Minding the gaps: health financing, universal health coverage and gender
Health Policy and Planning, czx063, https://doi.org/10.1093/heapol/czx063
Following a RinGs webinar on health financing and gender in 2015, this paper reflects on why we need to focus on gender in moving towards Universal Health Coverage (UHC), based on the inputs of a panel of health financing and gender experts.
Key messages in the paper are:
- Insufficient attention has been paid to the interaction of gender and health financing; we call for better collaboration to fill this gap.
- While Universal Health Coverage (UHC) emphasizes equity, some groups have higher health needs and lower financing capabilities than others; this implies the need for progressive universalism, which puts the needs of vulnerable groups like women and children first.
- Broad recommendations from our review include public financing of health care services with resources mobilized from progressive taxation of income and wealth; firm action by governments to regulate the private health sector, especially in the area of price controls; attention to coverage of different groups of women when implementing health financing reforms; and social protection schemes that go beyond women from households below the poverty line and with packages covering more than maternal health.
- The underlying political and social determinants that undermine access for vulnerable and marginalized groups (e.g. poor indigenous women, adolescents) must also be tackled to achieve the broader equity and effectiveness goals of UHC.
You can access the full paper here.
In a webinar in 2015 on health financing and gender, the question was raised why we need to focus on gender, given that a well-functioning system moving towards Universal Health Coverage (UHC) will automatically be equitable and gender balanced. This article provides a reflection on this question from a panel of health financing and gender experts.
We trace the evidence of how health-financing reforms have impacted gender and health access through a general literature review and a more detailed case-study of India. We find that unless explicit attention is paid to gender and its intersectionality with other social stratifications, through explicit protection and careful linking of benefits to needs of target populations (e.g. poor women, unemployed men, female-headed households), movement towards UHC can fail to achieve gender balance or improve equity, and may even exacerbate gender inequity. Political trade-offs are made on the road to UHC and the needs of less powerful groups, which can include women and children, are not necessarily given priority.

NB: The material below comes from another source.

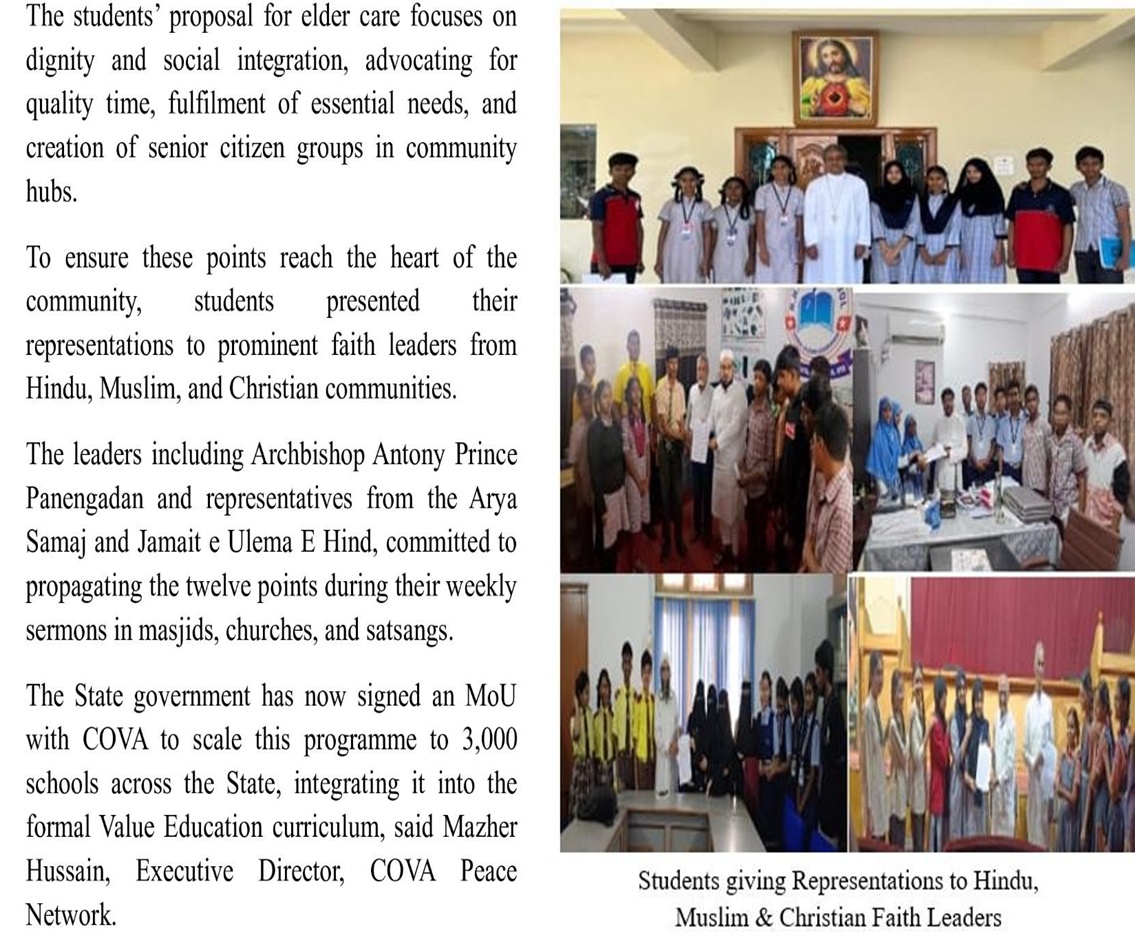 12 Actionable Points Proposed by Students Care of Elders – 5 Key Actions Climate Crisis – 7 Key Actions Faith Leaders Join Hands for Awareness Campaign Plastic-Free School: Students Turn Advocacy into Action Recognising the transformative potential of the Compassionate Citizenship Program, the Education Tribute to COVA Peace Network Leaders Students’ 12-point action plan on elders, climate change to feature in sermons across faiths Resource Persons: Arunya Jyothi and Ruchit Asha Kamal Guests of Honour who presented prizes to students, mementos to schools and Resource Persons and addressed the gathering were Mr. Asadullah Pervez formerly of Emirates Airlines, Mr. Peter H Jayakar, Mr. Abdus Salam, Compassionate Citizenship Program 2025–26

We identify the need for closer collaboration between health economists and gender experts, and highlight a number of research gaps in this field which should be addressed. While some aspects of cost sharing and some analysis of expenditure on maternal and child health have been analysed from a gender perspective, there is a much richer set of research questions to be explored to guide policy making. Given the political nature of UHC decisions, political economy as well as technical research should be prioritized.
We conclude that countries should adopt an equitable approach towards achieving UHC and, therefore, prioritize high-need groups and those requiring additional financial protection, in particular women and children. This constitutes the ‘progressive universalism’ advocated for by the 2013 Lancet Commission on Investing in Health.